32

I have a large data.table (about 24000 rows and growing). I want to subset that datatable based on a couple of criteria and from that subset (ends up being about 3000 rows) I want to randomly sample just 4 rows. I do not want to create a named 3000 or so row data.table, count its rows and then sample based on row number. How can I do it on the fly? Or should I just suck it up by creating the table and then working on it, sampling it and then using rm() to get rid of it?

Lets simulate my issue

require(data.table)
random.length  <-  sample(x = 15:30, size = 1)
data.table(city=sample(c("Cape Town", "New York", "Pittsburgh", "Tel Aviv", "Amsterdam"), size=random.length, replace = TRUE), score = sample(x=1:10, size = random.length, replace=TRUE)) 

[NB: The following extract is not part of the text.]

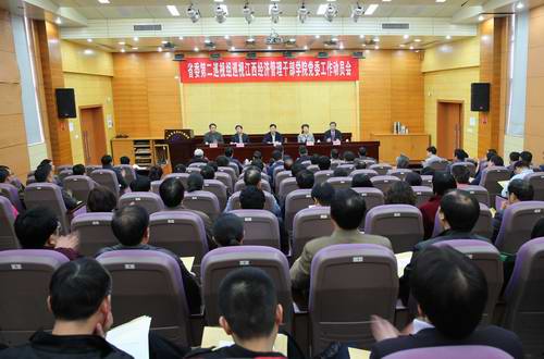 省委第二巡视组陈松远、李云、涂志柏及巡视组成员,姚红雁、肖继仁、熊三平、黄新祥、陈美川、肖世海、李勋财出席会议。学院领导潘晓华、秦夏明、衷敬华、肖鸿晶、刘光华、李薇,各系(部)、各部门副处以上干部、副高以上职称人员,2013年以来退休的副处级以上干部、副高以上职称的老同志参加了会议。
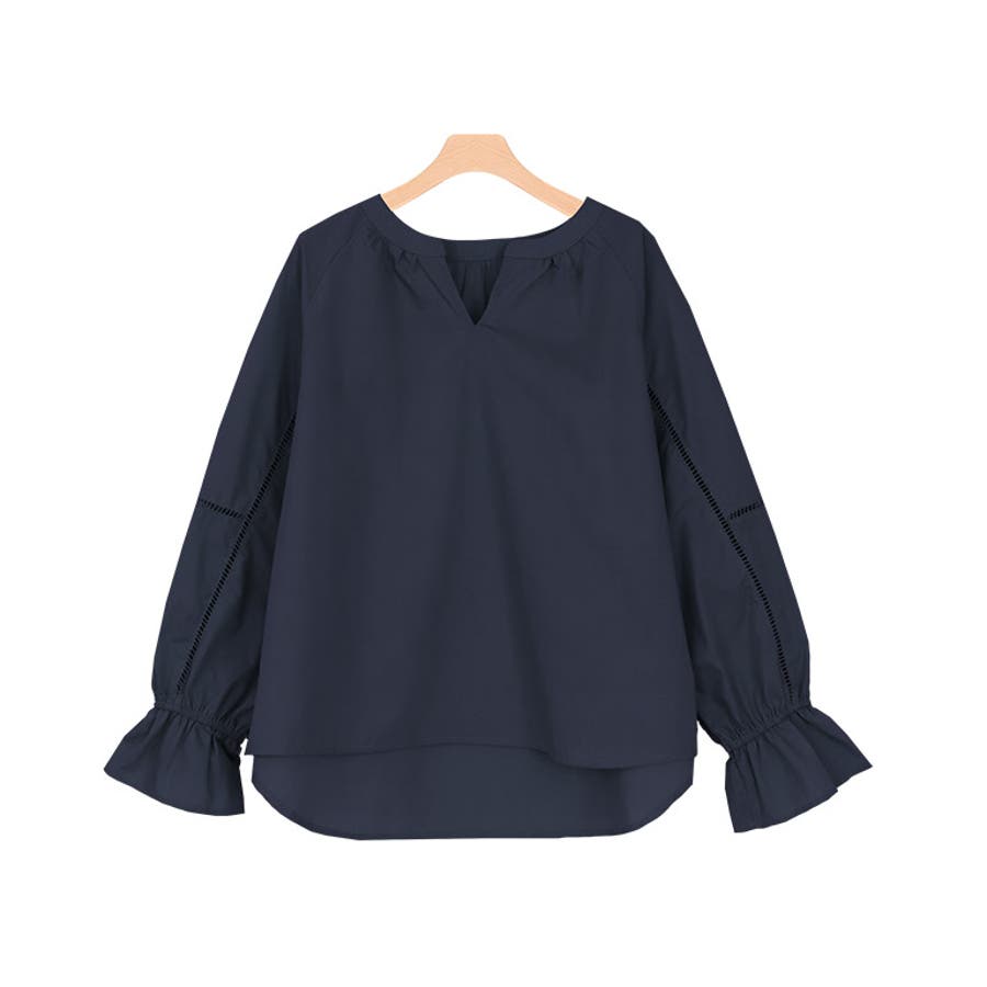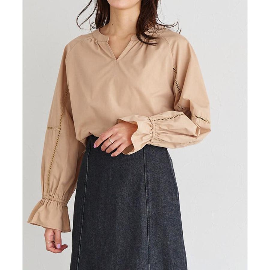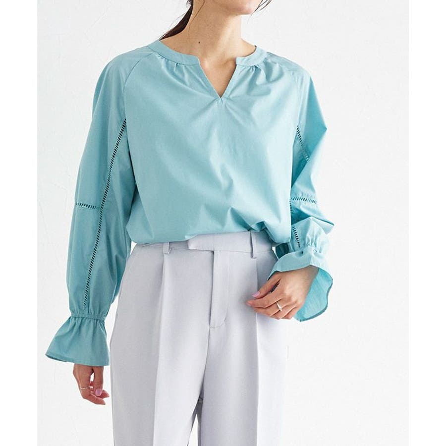 袖に施したハシゴレースがシーズンムード漂うブラウス。キャンディスリーブで女性らしいティテールを加え、首元は抜け感のあるキーネックに仕上げました。甘すぎず一枚で着映えて、着回しやすい一枚です。

That makes a random length table, which simulates the fact that depending on my criteria and depending on my starting table, I do not know what the length of the subsetted table with be

Now, if I just wanted the first three rows I could do as so

data.table(city=sample(c("Cape Town", "New York", "Pittsburgh", "Tel Aviv", "Amsterdam"), size=random.length, replace = TRUE), score = sample(x=1:10, size = random.length, replace=TRUE))[1:3]

But let us say I did not want the first three rows but rather a random 3 rows, then I would want to do something such as this...

data.table(city=sample(c("Cape Town", "New York", "Pittsburgh", "Tel Aviv", "Amsterdam"), size=random.length, replace = TRUE), score = sample(x=1:10, size = random.length, replace=TRUE))[sample(x= 1:number of rows of that previous data.table,size = 3 ]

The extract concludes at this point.